• REQUIRED ACTION
The following data has a line with "US 250th Anniversary" and a line with "商品名稱:代爾塔 防切割套袖 隔熱防割手套工作勞保手套". Write out exactly those lines and all the lines between them.
### SOURCE RECORDS ###
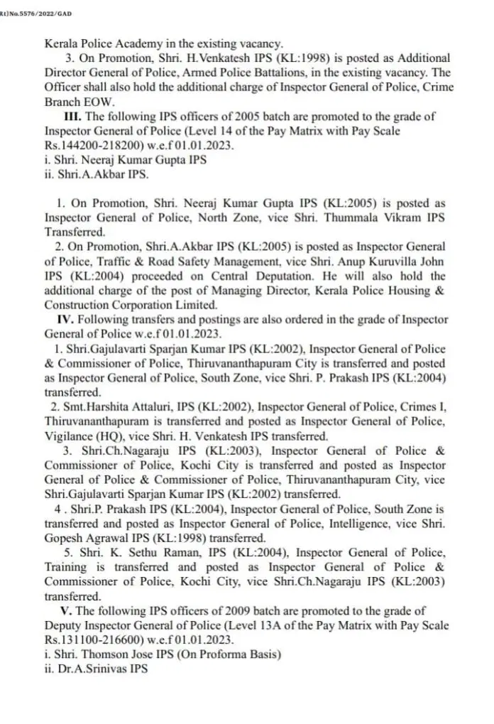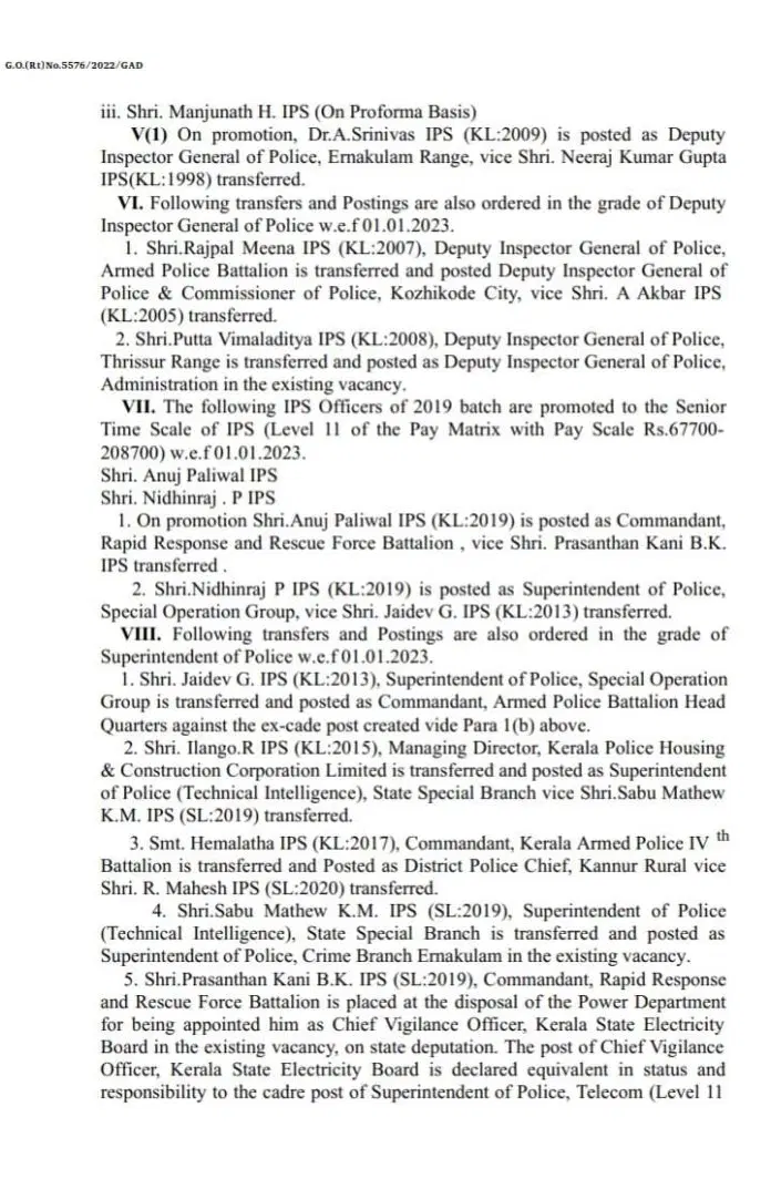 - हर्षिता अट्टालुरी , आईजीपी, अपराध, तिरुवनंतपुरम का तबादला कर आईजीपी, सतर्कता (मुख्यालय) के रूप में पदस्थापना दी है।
###
### SOURCE RECORDS ###
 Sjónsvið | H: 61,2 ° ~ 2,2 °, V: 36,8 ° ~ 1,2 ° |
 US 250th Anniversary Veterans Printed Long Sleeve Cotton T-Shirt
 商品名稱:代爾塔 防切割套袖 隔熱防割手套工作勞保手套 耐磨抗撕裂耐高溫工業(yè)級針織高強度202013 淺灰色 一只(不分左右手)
###
• ANSWER BELOW
 US 250th Anniversary Veterans Printed Long Sleeve Cotton T-Shirt
 商品名稱:代爾塔 防切割套袖 隔熱防割手套工作勞保手套 耐磨抗撕裂耐高溫工業(yè)級針織高強度202013 淺灰色 一只(不分左右手)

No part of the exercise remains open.